_Required action_
Output exactly, in the material below, the lines from the one with "通用手册涵盖了药水合成、神奇" through the one with "i'm just gonna". Omit all pictures.

_Records shown_

******************************

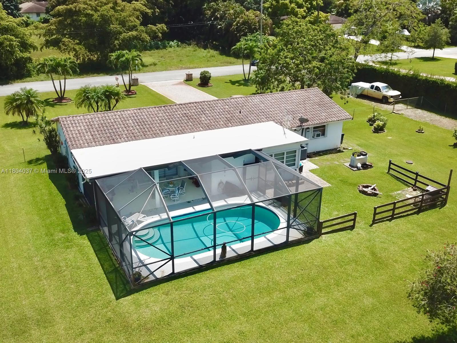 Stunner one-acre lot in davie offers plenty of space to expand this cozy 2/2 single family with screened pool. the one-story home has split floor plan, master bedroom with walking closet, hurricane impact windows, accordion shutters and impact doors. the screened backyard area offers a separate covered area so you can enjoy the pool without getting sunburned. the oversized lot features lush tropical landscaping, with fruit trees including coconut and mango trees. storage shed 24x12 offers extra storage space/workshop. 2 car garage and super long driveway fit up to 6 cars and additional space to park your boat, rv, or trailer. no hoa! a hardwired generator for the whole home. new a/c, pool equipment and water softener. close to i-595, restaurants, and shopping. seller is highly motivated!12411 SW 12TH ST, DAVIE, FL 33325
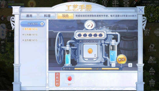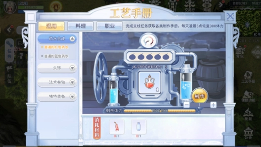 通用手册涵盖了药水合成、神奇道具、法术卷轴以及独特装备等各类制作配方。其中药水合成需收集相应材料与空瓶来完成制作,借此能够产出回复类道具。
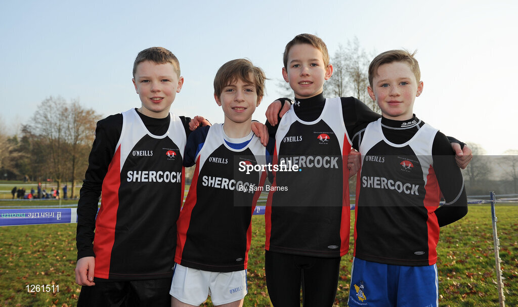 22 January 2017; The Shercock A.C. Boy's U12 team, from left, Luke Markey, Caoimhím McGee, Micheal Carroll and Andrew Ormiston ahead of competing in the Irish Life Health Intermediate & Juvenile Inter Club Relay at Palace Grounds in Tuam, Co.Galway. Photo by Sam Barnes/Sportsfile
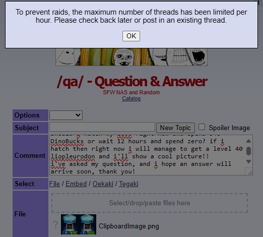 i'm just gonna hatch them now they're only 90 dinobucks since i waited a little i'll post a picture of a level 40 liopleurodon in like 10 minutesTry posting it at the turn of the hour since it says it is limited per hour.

******************************

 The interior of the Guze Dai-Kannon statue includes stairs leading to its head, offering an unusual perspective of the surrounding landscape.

******************************

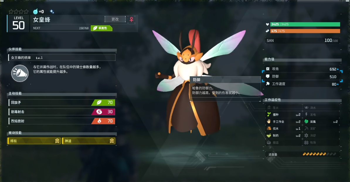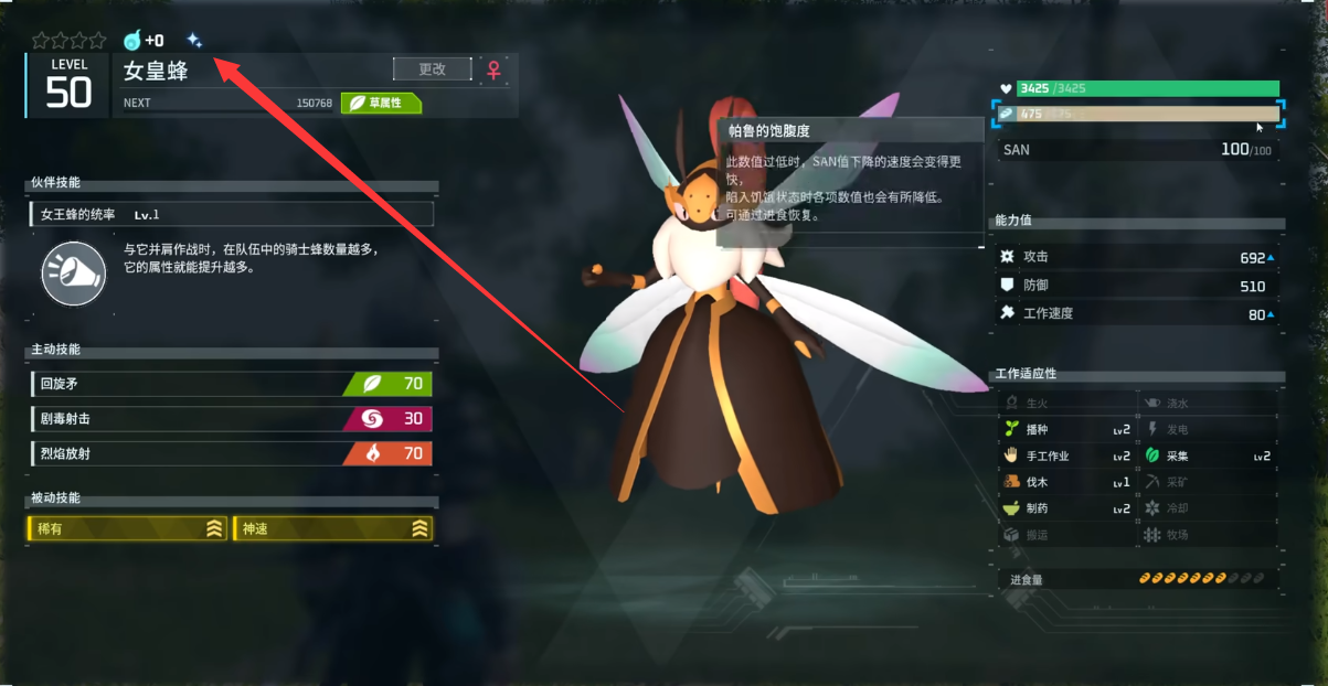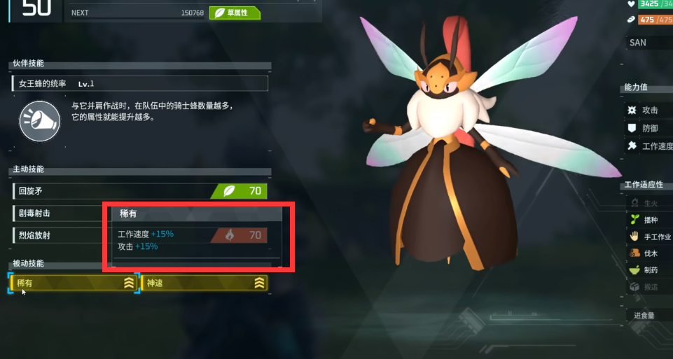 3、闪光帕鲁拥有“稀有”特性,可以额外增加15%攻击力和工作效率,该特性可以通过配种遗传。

******************************

_Answer to this task_
 通用手册涵盖了药水合成、神奇道具、法术卷轴以及独特装备等各类制作配方。其中药水合成需收集相应材料与空瓶来完成制作,借此能够产出回复类道具。
 22 January 2017; The Shercock A.C. Boy's U12 team, from left, Luke Markey, Caoimhím McGee, Micheal Carroll and Andrew Ormiston ahead of competing in the Irish Life Health Intermediate & Juvenile Inter Club Relay at Palace Grounds in Tuam, Co.Galway. Photo by Sam Barnes/Sportsfile
 i'm just gonna hatch them now they're only 90 dinobucks since i waited a little i'll post a picture of a level 40 liopleurodon in like 10 minutesTry posting it at the turn of the hour since it says it is limited per hour.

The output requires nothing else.